In zztat the gauge is where the measurements take place. The gauge acts as a filter for the data produced by your metric and only lets data points pass which we consider "not good". In other words, the gauge's filters are to be set up in such a way that they match the problematic values.
To use the all-too-familiar example of tablespaces - you want your gauge to return the tablespaces which are running full so that it can act on it; you don't want it to return the tablespaces that have enough free space. The metric's job is to capture "all the data" that you'd like to collect (and archive). The gauge just filters the data that needs further attention.
Like zztat's metrics, a gauge can operate in different modes, controlled by the flags which are assigned to it. Without any flags, a gauge is referred to as a standard gauge and is executed normally through the Oracle scheduler.
A standard gauge is defined by the following characteristics:
- The gauge is assigned to a standard metric.
- A gauge job is scheduled and executed by the Oracle scheduler.
- The gauge is assigned a default volume, expressed in a temporal fashion.
An auto-sync gauge is defined by the following characteristics:
- The gauge is automatically triggered by the SYNC process when the corresponding metric has completed its snapshot.
- The gauge volume is ignored - all data collected by the metric is scanned.
- If there are multiple gauges defined for the metric in question, they will fire in alphabetical order, but asynchronously (virtually at the same time).
Please note that there is currently no means to establish dependency between multiple auto-sync gauges - e.g. they will always fire at the same time and you can't (yet) instruct zztat to let one gauge complete before the next one fires. This may change in future versions.
Logic Brings Order to Chaos
By default when you are creating a gauge, any columns that you will add to the gauge which will act as filters for your data, will be combined using the logical OR operator.
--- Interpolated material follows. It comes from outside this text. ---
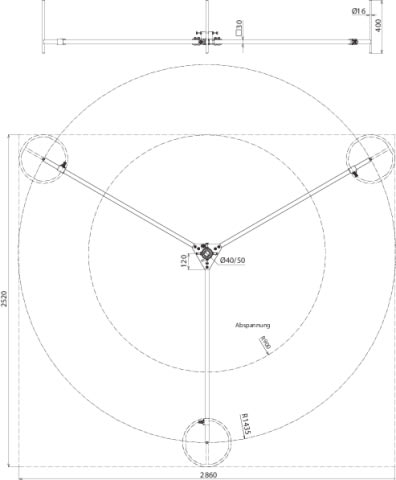 Tripode per la realizzazione indipendente di tubi portanti DEHNiso-Combi (D50 lunghezza 3200 mm). Per la realizzazione con zoccoli in cemento con cuneo, senza fissaggio supplementare agli elementi della costruzione. Con adattamento all'inclinazione del tetto fino a max. 10°. Esecuzione pieghevole, speciale per la conduttura HVI posta all'interno del tubo portante. Per mantenere il raggio di piegatura della conduttura HVI nella zona inferiore sul treppiede, vengono posizionati due zoccoli in cemento al di sotto della struttura e uno al di sopra.
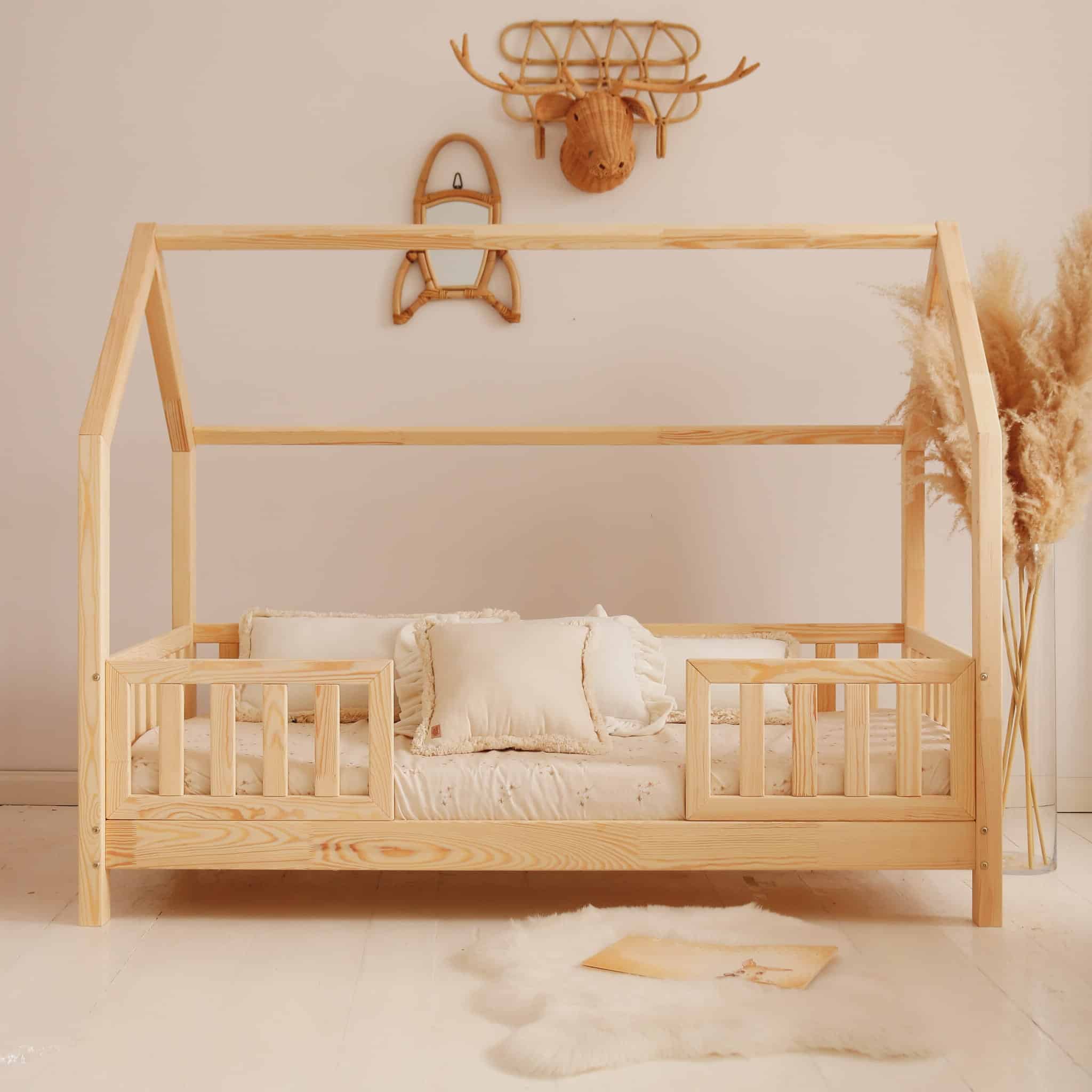 Het Bedhuisje Oslo met uitvalbeveiliging en centrale toegang is ontworpen om de overgang van uw kind naar een meer onafhankelijke slaapruimte te vergemakkelijken. De structuur in de vorm van een klein huisje creëert een veilige cocon die de verbeelding prikkelt en tegelijkertijd de zelfstandigheid van het kind bevordert.

For example, if you are defining a gauge to monitor tablespace free space, you may want to check if the percentage free space falls below a certain threshold OR the amount of space available falls below a certain threshold. In these cases, logical OR makes perfect sense.
You may however have a requirement to combine the filters with the logical AND operator instead. This is supported and can be achieved by setting the LOGICAL_AND flag on the gauge. An example of this would be the default session wait gauge SES_LATCH, which filters the events by type and then has gauge columns that act only if the type matches the desired type (in this case latches) AND the threshold exceeds our warning / critical limits.
This exists to ensure that even if you're adding a new gauge to an existing metric, that might have week or months worth of data, unless you explicitly want it to, it will not scan your entire history when it runs. The default volume for such cases is 7 days worth of data.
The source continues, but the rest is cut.